"The Thing that Mattered," [Eclectica Magazine; Volume 10, Number 4] by Terence S. Hawkins, is sort of highbrow fan fiction ("fanfic") with, at least to me, a novel and creative twist. Fan fiction is derivative literature from another's work, using his or her characters. In this case, the author uses characters from a classic movie and provides an afterwards to the movie in question. The novel innovation is that the protagonist of the piece is an actual famous literary figure from the not too distant past.
The story is set in Cuba, 1956, with Battista's hold on power precariously still in tact; increasing threatened by Castro's guerillas. The story begins at the funeral of the principal character from the movie. He has been murdered; shot in the face while apparently sitting peacefully at his desk in his office. Suspicions abound that, because of the character's checkered past and political partisan activities, he had been killed by an operative of either of the two contending Cuban political figures. Still, as there was no sign of a struggle, suspicion arises that the murder might have been one with a more personal motivation, and that the shooter was someone the victim had admitted and trusted.
How long it will take a reader to catch on to the fanfic scenario will depend, of course, on his or her degree of familiarity with both the movie and the real life literary figure.

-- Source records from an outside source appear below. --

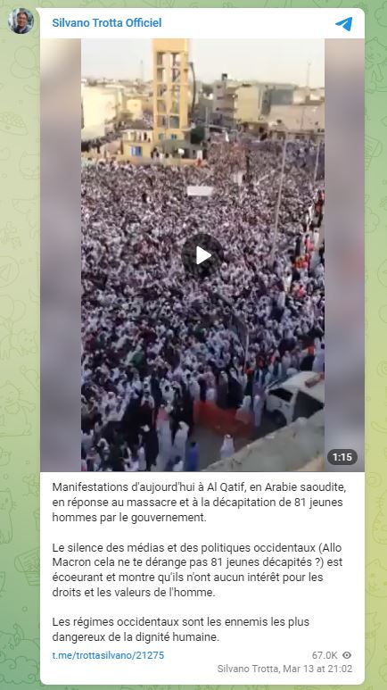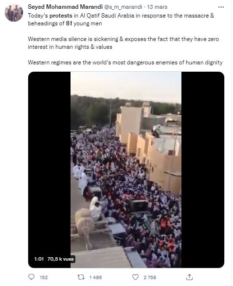 "Manifestations d'aujourd'hui à Al-Qatif, en Arabie saoudite, en réponse au massacre et à la décapitation de 81 jeunes hommes par le gouvernement. Le silence des médias et des politiques occidentaux (Allo les médias français le gouvernement pas de respect pour 81 jeunes décapités ?) est écœurant et montre qu'ils n'ont aucun intérêt pour les droits et les valeurs de l'homme", écrivent des internautes indignés dans la légende qui accompagne ces images.
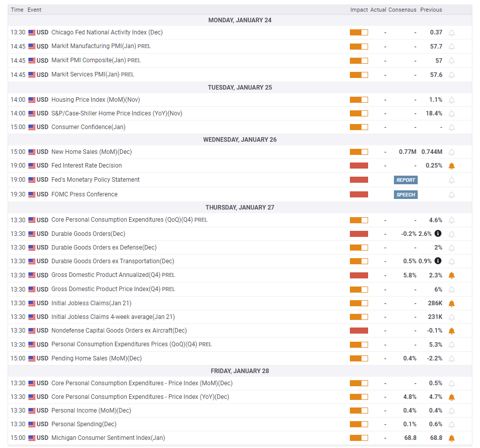Trading in the last week of January will be centered on the first Federal Reserve decision of 2022. The consensus is for no change in rate hikes at this juncture – but one coming in March, when the bank's bond-buying scheme expires. Some suspect that higher inflation could push Chair Jerome Powell and his colleagues to end purchases already in January.
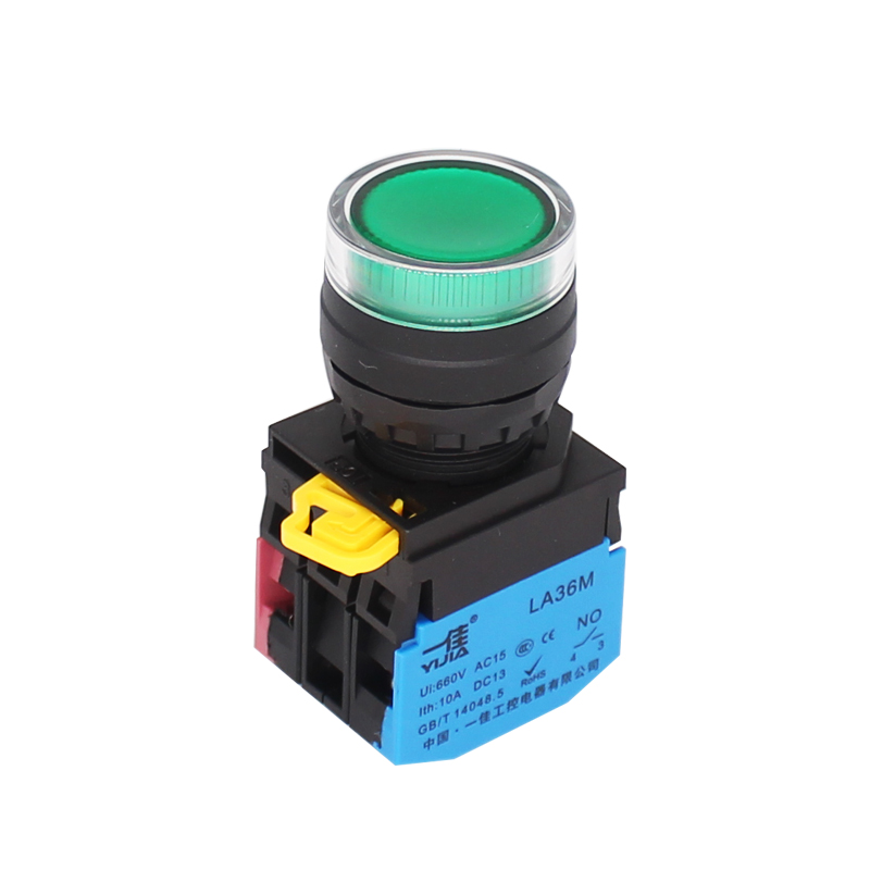 按钮开关按压式 11bn自锁电源平头启动停止圆形点动ZS 自复位la38

As the movie is one of the most popular and critically acclaimed flicks ever (though curiously based upon a would-be play that was never produced), and the author is perhaps the most august literary figure of the twentieth century, that shouldn't be long. Nevertheless, the lack of sophistication sadly exhibited by many of our younger folk today might render comprehension and a full appreciation of the story somewhat problematic to such readers.
The resolution to the story might be termed iconoclastic, by way of understatement. Indeed, some devoted fans of the real life protagonist might be outraged. What if any truth might lie with the character's seemingly bizarre motivation, once revealed, is not known by this reviewer.
The strength of the writer's writing per se within the piece is his splendid descriptive narration; indeed, perhaps inspired by being a fan of his protagonist. Mr. Hawkins sets the scenes quite nicely, and the reader can easily envision the steamy, tropical environment.